**Task details**.
Write out exactly, and only, the lines below from the line with "Contoh Soalan Ujian" through the line with "最后,王凤英书记介绍重庆市第"; pictures do not belong in the copy.

**Listed records**.
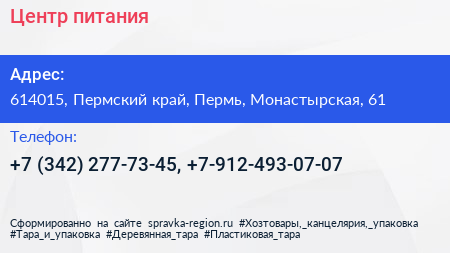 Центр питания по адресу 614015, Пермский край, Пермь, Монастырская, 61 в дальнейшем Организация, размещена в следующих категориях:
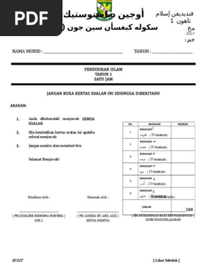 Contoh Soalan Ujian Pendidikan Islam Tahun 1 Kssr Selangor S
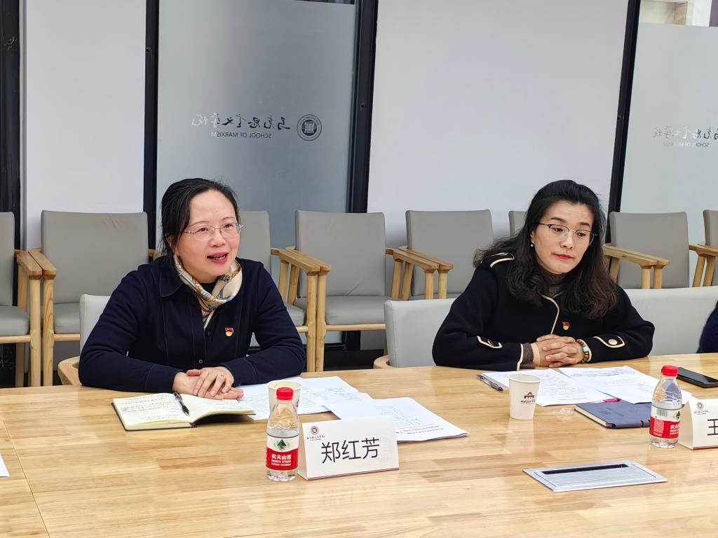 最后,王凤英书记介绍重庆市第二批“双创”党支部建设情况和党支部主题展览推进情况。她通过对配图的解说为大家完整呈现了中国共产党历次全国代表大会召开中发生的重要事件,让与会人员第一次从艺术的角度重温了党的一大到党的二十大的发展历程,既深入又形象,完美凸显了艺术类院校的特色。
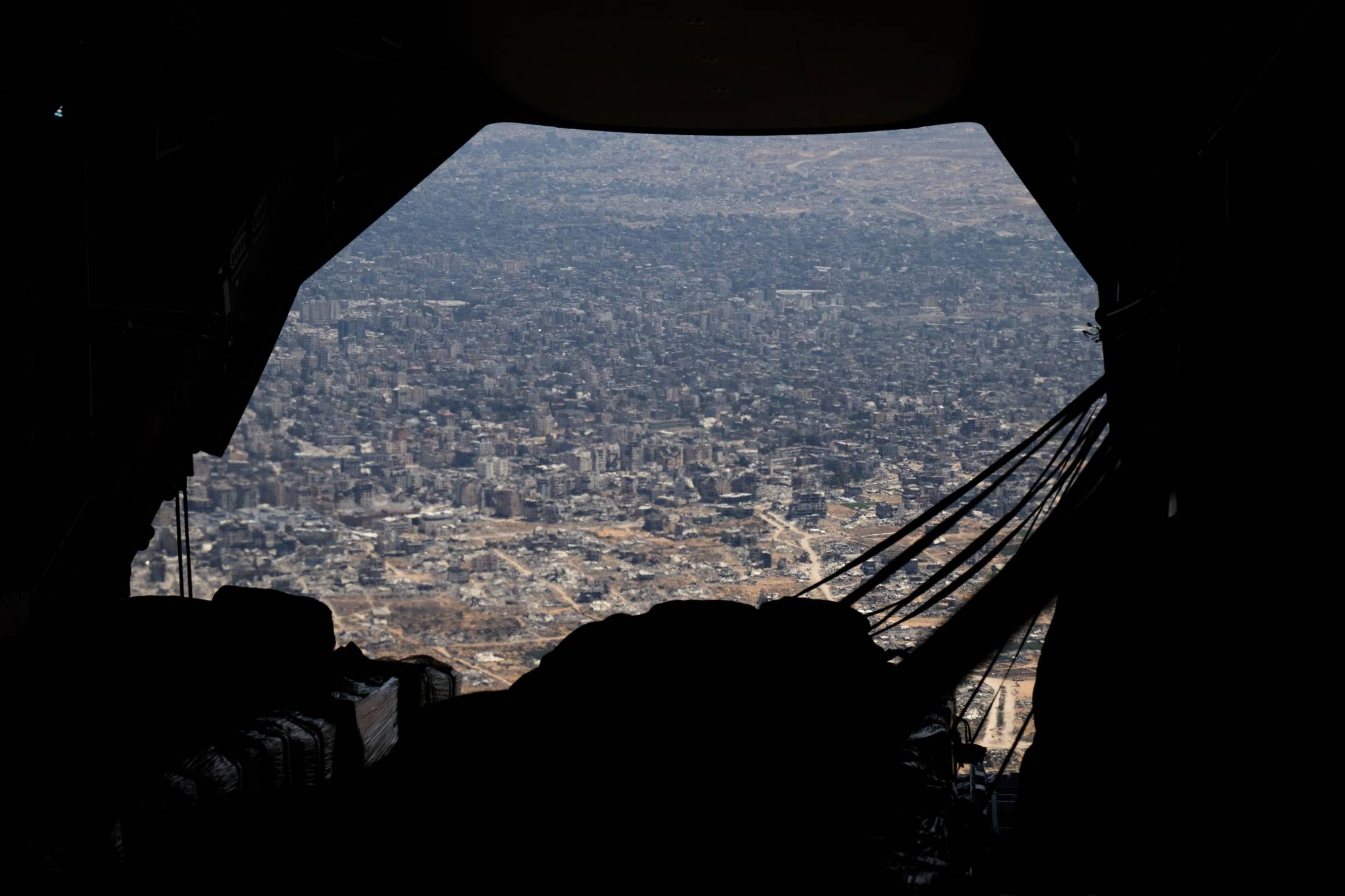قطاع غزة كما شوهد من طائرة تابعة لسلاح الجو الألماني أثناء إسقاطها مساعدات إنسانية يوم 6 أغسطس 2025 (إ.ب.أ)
---
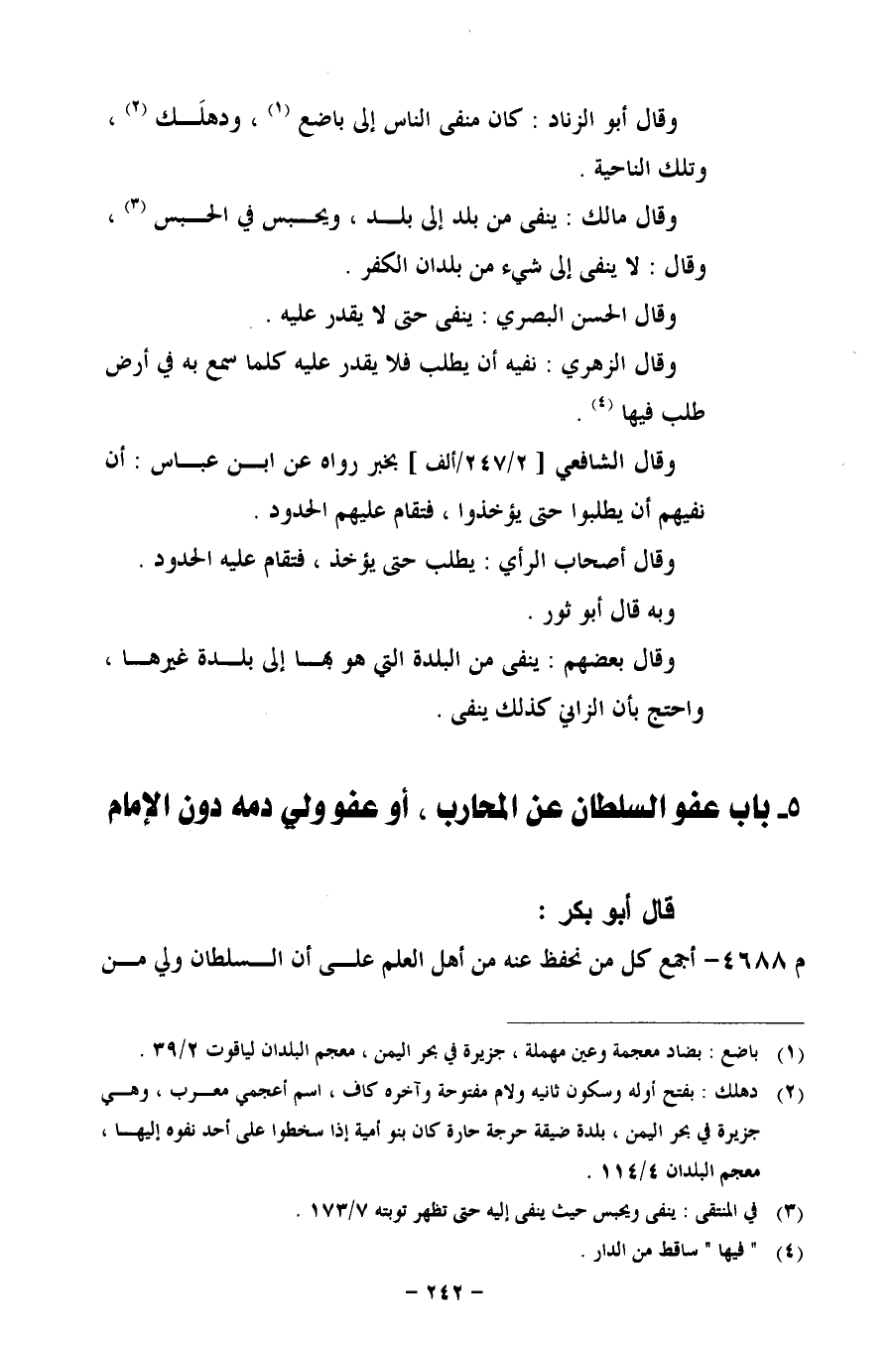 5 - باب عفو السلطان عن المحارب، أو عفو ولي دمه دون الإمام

**Response**.
 Contoh Soalan Ujian Pendidikan Islam Tahun 1 Kssr Selangor S
 最后,王凤英书记介绍重庆市第二批“双创”党支部建设情况和党支部主题展览推进情况。她通过对配图的解说为大家完整呈现了中国共产党历次全国代表大会召开中发生的重要事件,让与会人员第一次从艺术的角度重温了党的一大到党的二十大的发展历程,既深入又形象,完美凸显了艺术类院校的特色。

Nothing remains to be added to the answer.